● **WORK ORDER**
The reply should hold only the lines below beginning at the one with "Lot:17 原味老包浆 北洋34七钱二分短尾龙 PCGS XF40" and ending at the one with "Mascarilla algodón orgánico", copied exactly, with every picture left out.

● **TASK INPUTS**

==*==

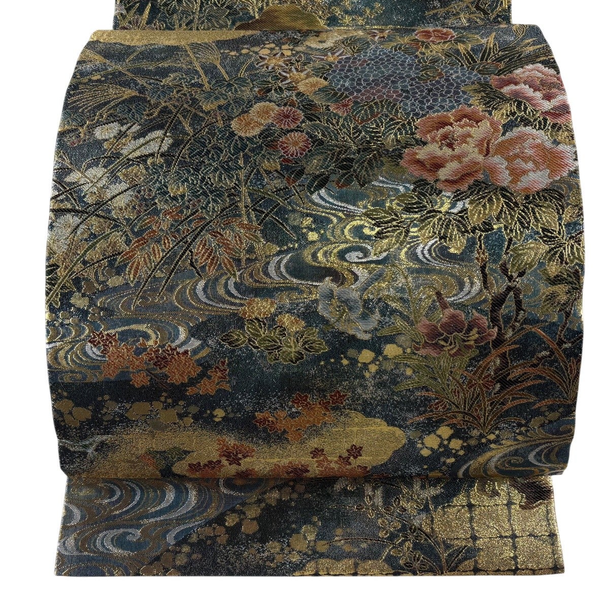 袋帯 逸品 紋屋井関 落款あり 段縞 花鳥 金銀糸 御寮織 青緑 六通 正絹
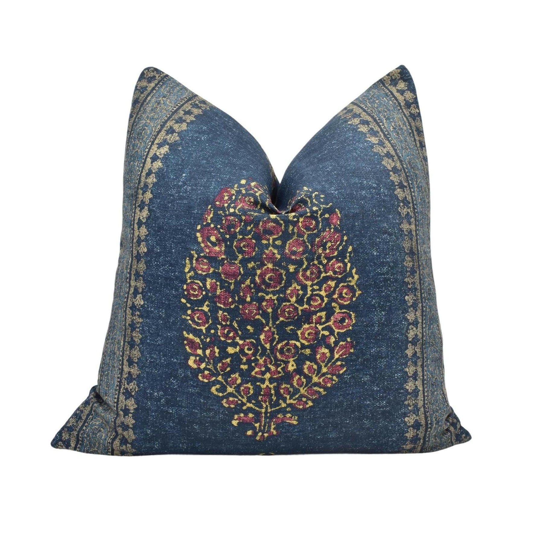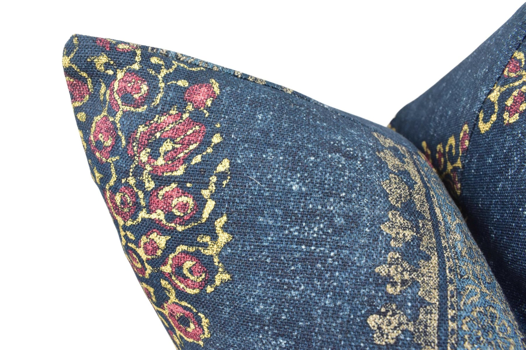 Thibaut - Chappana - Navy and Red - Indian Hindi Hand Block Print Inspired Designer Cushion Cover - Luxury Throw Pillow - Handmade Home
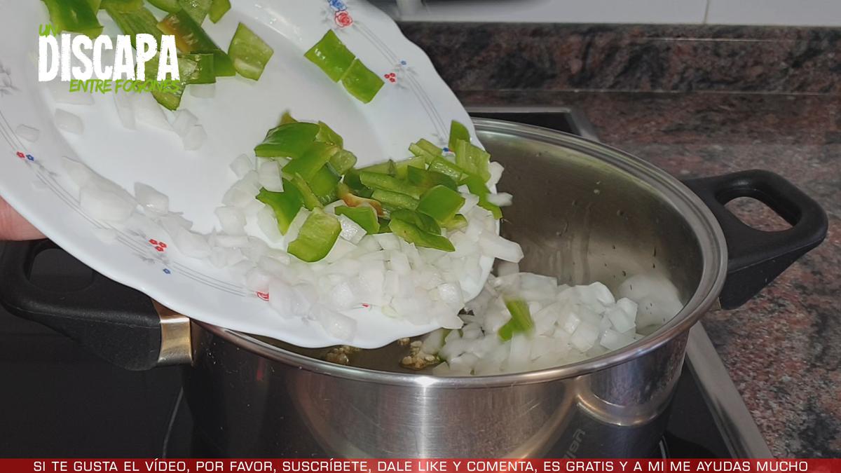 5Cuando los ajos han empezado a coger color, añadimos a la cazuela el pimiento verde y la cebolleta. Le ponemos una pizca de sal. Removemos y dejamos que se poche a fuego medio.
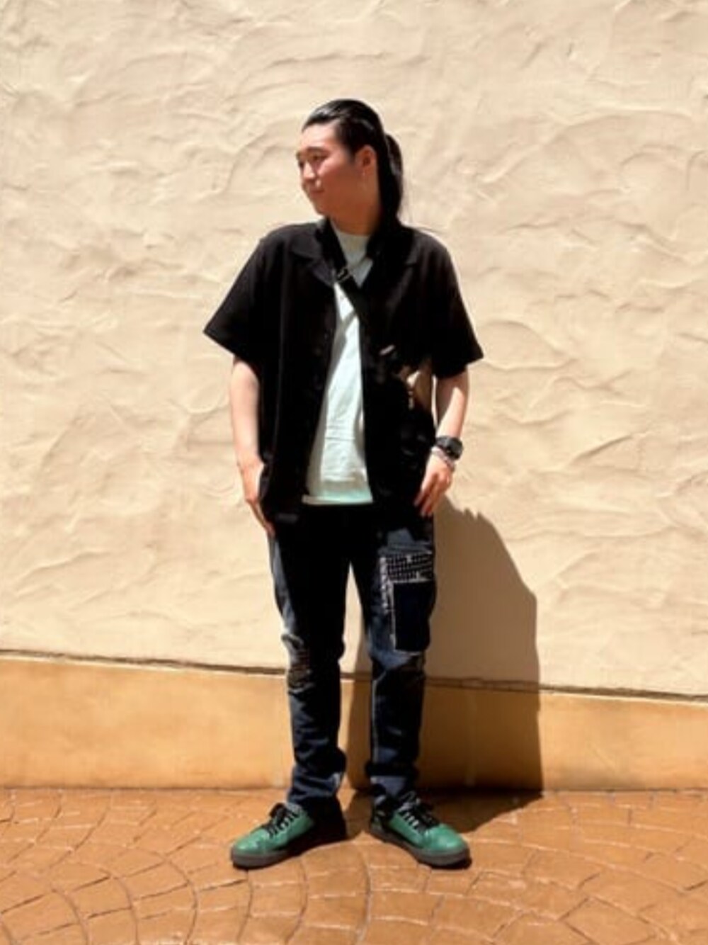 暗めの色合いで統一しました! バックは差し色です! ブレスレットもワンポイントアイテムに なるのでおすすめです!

==*==

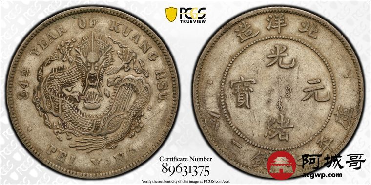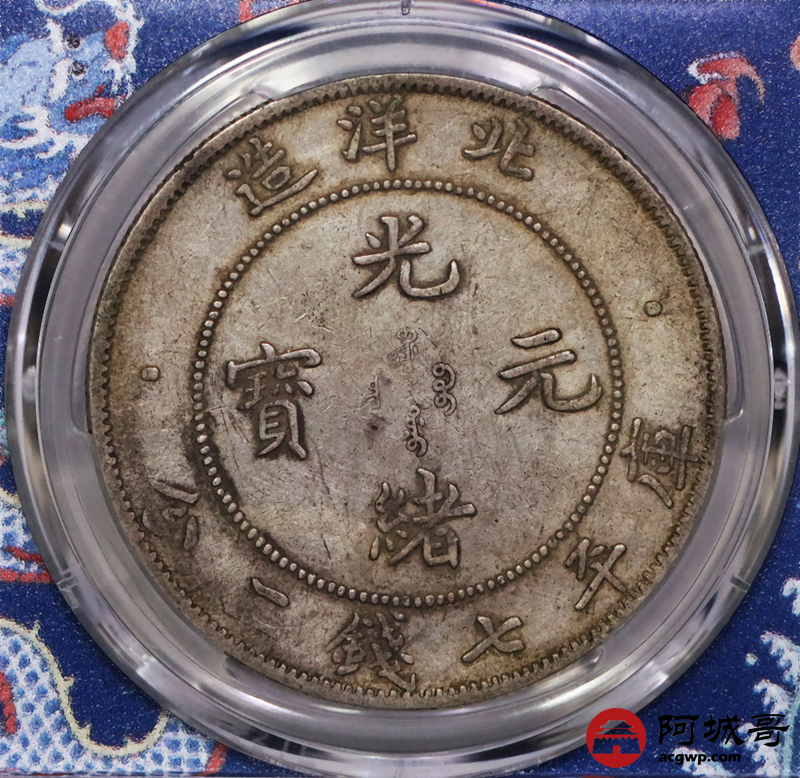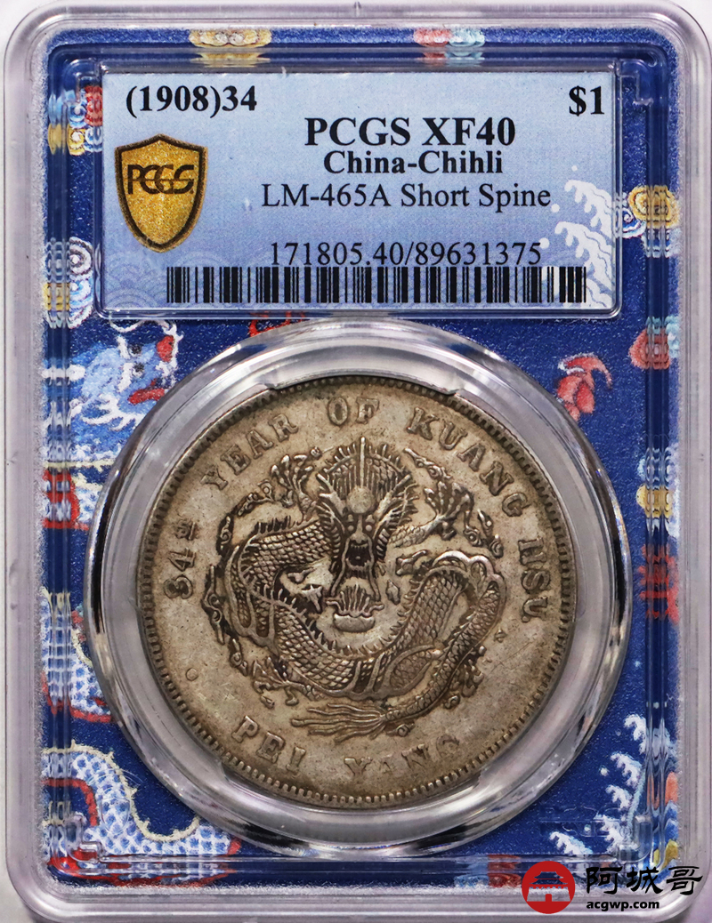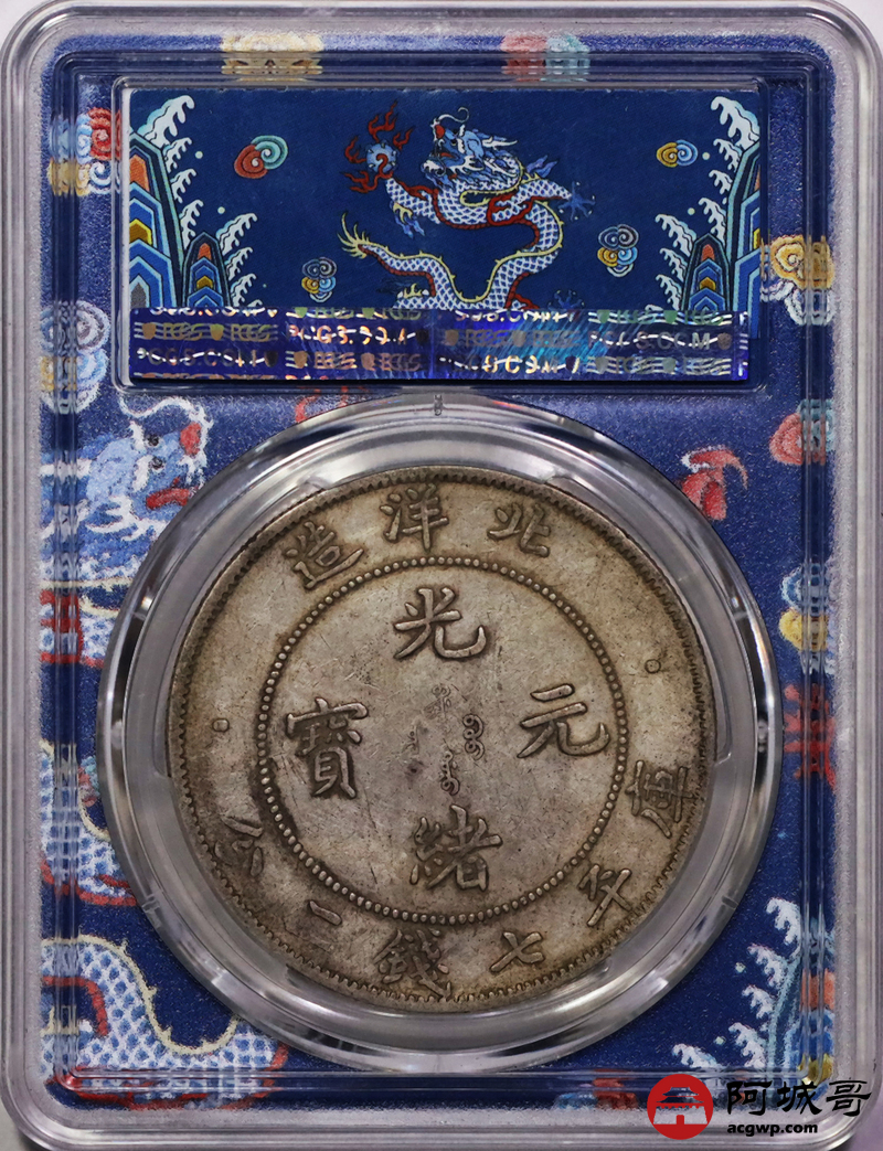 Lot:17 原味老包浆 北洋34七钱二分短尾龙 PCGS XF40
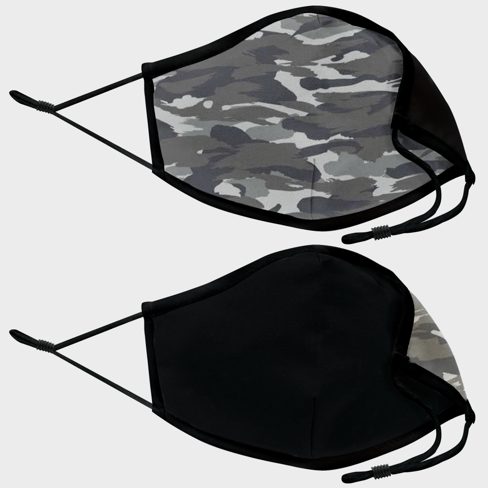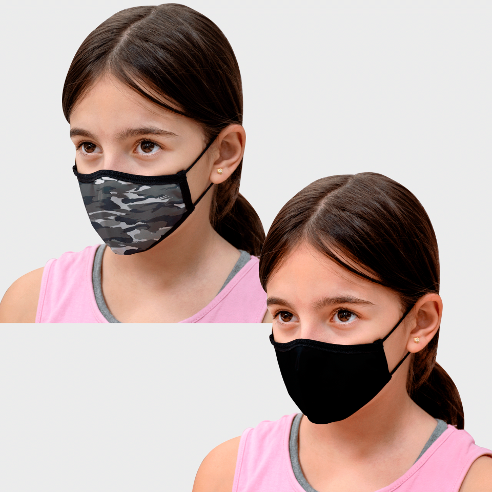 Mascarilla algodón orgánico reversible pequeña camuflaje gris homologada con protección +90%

==*==

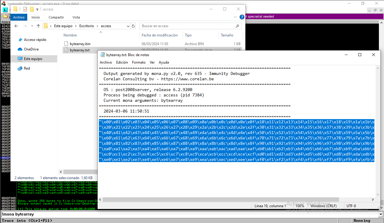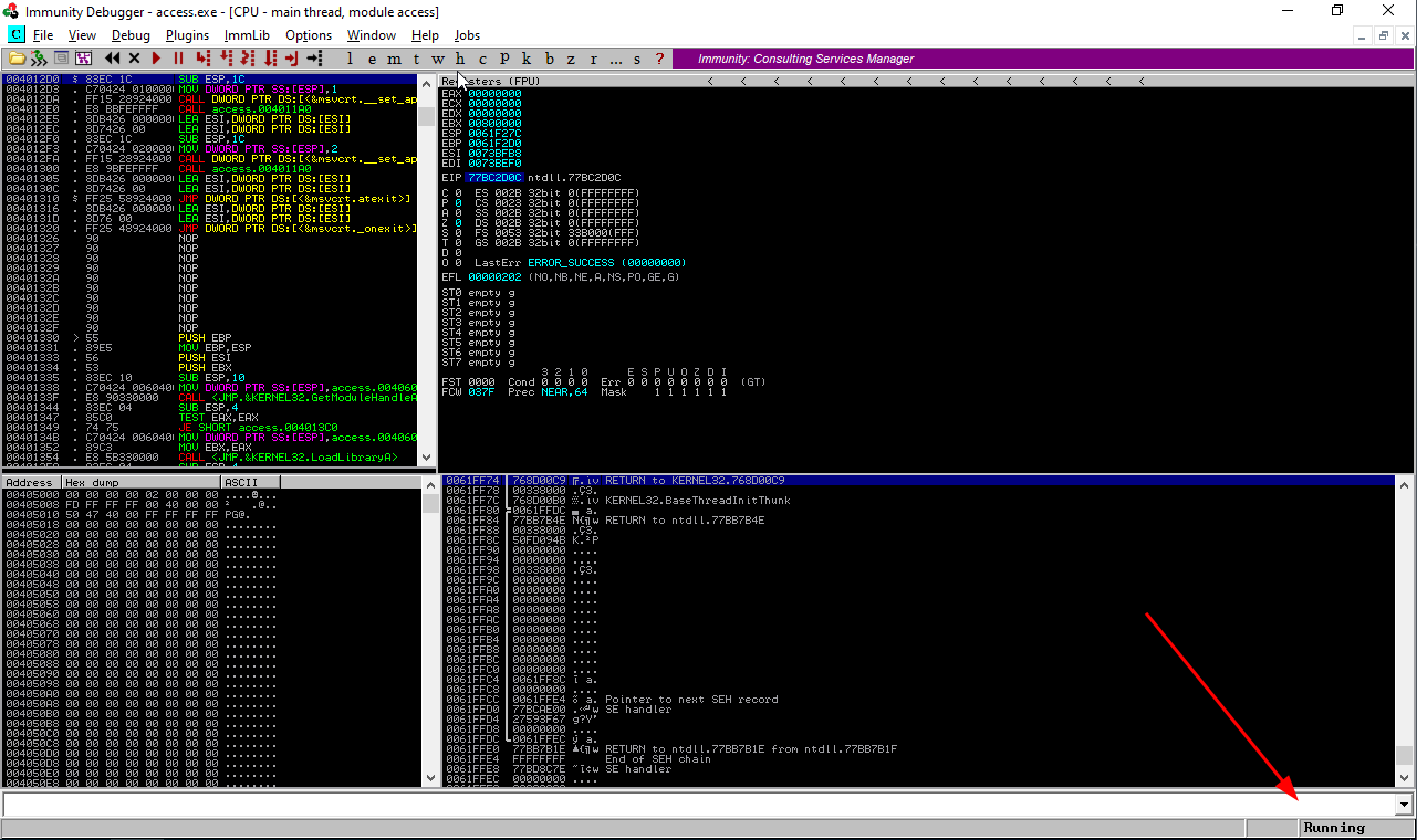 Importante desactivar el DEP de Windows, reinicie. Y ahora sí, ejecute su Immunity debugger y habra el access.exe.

==*==

● **TASK RESULT**
 Lot:17 原味老包浆 北洋34七钱二分短尾龙 PCGS XF40
 Mascarilla algodón orgánico reversible pequeña camuflaje gris homologada con protección +90%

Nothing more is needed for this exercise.